Exercise
From the material below, please set down exactly the lines starting with the one with "В жилой комнате" and going on through the one with "最小中继整理涨幅→𝐇: 3.220 (𝐇旗杆的长度:旗杆起点→顶点)", without a single picture.

Task input section start

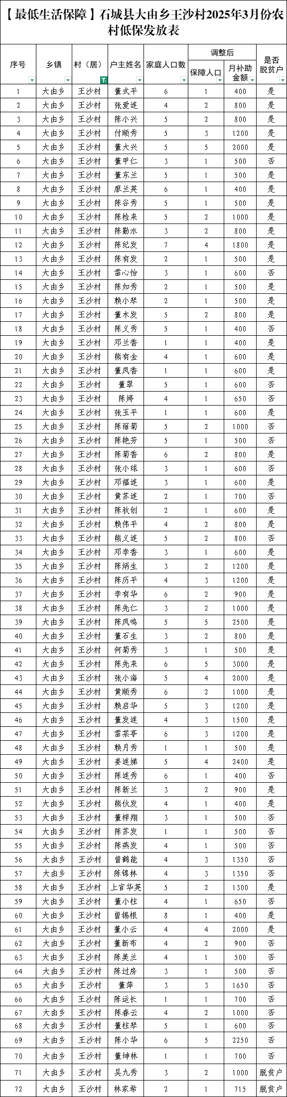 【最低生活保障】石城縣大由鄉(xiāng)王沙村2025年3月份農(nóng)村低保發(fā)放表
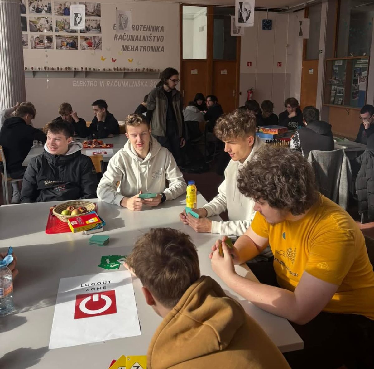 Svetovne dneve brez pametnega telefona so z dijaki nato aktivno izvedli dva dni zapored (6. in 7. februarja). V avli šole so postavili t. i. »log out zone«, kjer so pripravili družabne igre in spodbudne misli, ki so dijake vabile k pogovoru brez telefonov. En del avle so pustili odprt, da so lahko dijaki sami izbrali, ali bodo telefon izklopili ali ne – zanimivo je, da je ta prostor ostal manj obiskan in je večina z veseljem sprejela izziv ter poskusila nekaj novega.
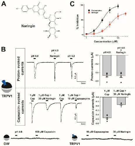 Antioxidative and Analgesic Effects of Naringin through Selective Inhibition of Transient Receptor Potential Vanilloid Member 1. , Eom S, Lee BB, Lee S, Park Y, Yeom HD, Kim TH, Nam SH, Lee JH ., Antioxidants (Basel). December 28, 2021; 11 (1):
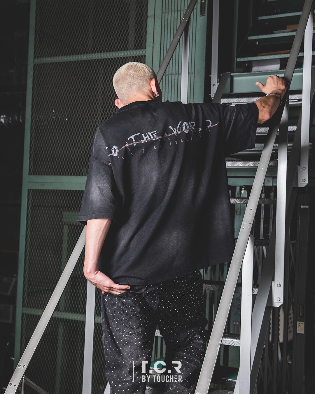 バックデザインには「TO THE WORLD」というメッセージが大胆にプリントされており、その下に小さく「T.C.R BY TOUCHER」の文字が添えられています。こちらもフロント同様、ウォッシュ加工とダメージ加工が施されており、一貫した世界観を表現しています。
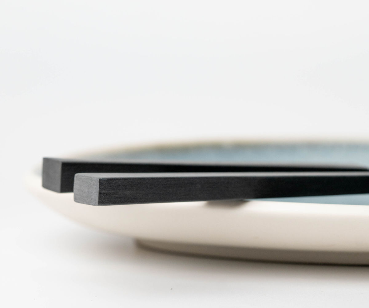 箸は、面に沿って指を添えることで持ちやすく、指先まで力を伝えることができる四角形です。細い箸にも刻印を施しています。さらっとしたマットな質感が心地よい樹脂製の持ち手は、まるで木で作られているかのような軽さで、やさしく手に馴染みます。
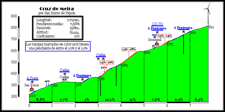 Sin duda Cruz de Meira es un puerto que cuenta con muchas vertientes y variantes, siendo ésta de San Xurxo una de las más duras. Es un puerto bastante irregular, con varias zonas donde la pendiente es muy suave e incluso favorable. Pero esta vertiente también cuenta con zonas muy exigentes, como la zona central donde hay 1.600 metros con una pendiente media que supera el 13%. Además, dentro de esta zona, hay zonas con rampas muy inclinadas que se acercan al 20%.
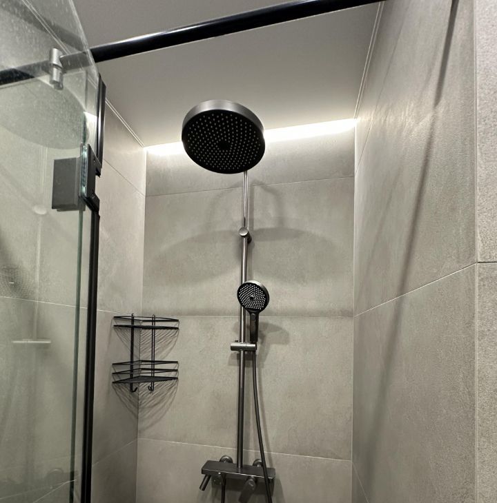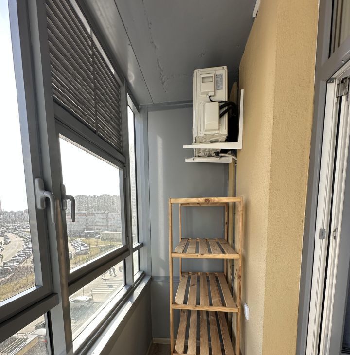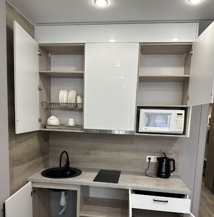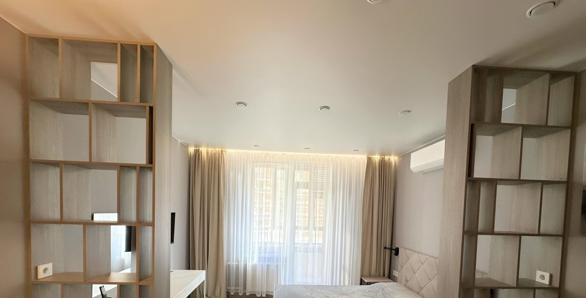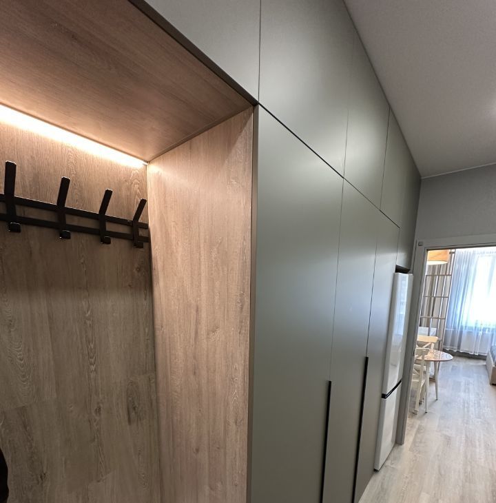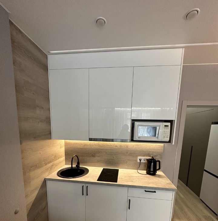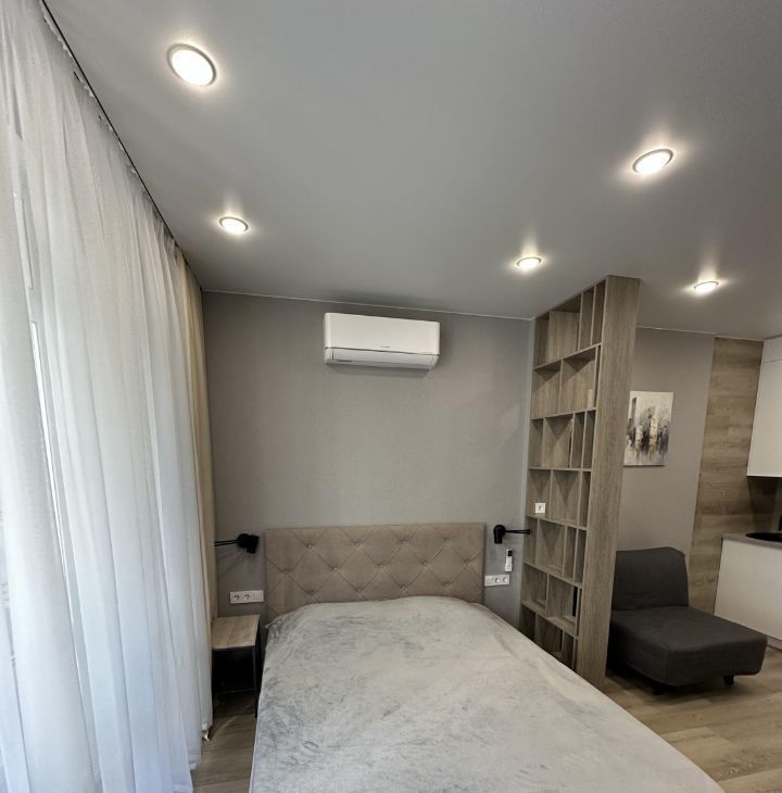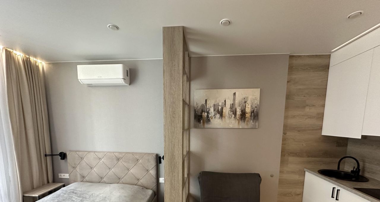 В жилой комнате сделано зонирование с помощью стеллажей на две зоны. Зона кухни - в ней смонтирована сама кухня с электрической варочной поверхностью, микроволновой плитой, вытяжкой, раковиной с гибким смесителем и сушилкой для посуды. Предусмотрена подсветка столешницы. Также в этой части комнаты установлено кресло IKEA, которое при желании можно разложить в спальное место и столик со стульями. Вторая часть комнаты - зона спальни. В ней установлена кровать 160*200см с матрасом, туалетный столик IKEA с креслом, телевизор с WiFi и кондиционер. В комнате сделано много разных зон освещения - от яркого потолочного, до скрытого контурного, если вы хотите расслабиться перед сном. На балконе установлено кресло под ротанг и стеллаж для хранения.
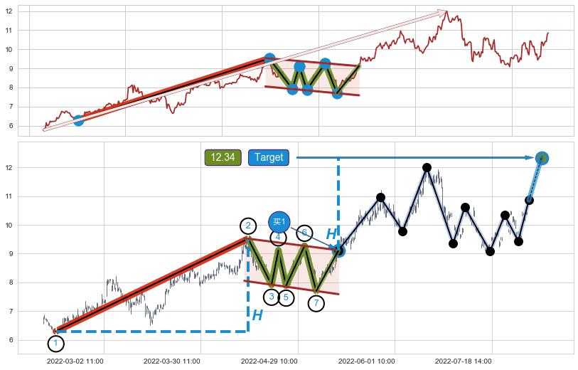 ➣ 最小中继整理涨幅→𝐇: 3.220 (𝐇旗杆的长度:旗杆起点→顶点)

Task input section end
Task input section start

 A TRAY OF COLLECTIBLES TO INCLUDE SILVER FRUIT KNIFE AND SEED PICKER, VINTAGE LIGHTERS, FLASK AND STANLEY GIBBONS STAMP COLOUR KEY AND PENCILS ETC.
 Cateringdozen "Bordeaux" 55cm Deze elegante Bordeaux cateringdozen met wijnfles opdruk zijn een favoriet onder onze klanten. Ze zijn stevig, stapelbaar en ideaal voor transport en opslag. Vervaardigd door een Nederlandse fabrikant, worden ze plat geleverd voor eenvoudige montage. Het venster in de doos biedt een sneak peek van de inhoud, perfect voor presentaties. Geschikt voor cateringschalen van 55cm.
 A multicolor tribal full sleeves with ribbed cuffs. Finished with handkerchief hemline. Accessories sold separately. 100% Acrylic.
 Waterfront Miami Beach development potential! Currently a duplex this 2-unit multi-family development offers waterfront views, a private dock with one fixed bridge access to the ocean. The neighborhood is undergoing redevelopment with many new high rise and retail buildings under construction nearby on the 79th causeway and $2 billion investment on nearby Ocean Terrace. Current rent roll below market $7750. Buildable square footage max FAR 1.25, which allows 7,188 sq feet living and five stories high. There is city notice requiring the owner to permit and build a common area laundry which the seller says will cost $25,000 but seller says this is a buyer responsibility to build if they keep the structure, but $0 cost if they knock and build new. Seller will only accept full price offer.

Task input section end

Worked solution
 В жилой комнате сделано зонирование с помощью стеллажей на две зоны. Зона кухни - в ней смонтирована сама кухня с электрической варочной поверхностью, микроволновой плитой, вытяжкой, раковиной с гибким смесителем и сушилкой для посуды. Предусмотрена подсветка столешницы. Также в этой части комнаты установлено кресло IKEA, которое при желании можно разложить в спальное место и столик со стульями. Вторая часть комнаты - зона спальни. В ней установлена кровать 160*200см с матрасом, туалетный столик IKEA с креслом, телевизор с WiFi и кондиционер. В комнате сделано много разных зон освещения - от яркого потолочного, до скрытого контурного, если вы хотите расслабиться перед сном. На балконе установлено кресло под ротанг и стеллаж для хранения.
 ➣ 最小中继整理涨幅→𝐇: 3.220 (𝐇旗杆的长度:旗杆起点→顶点)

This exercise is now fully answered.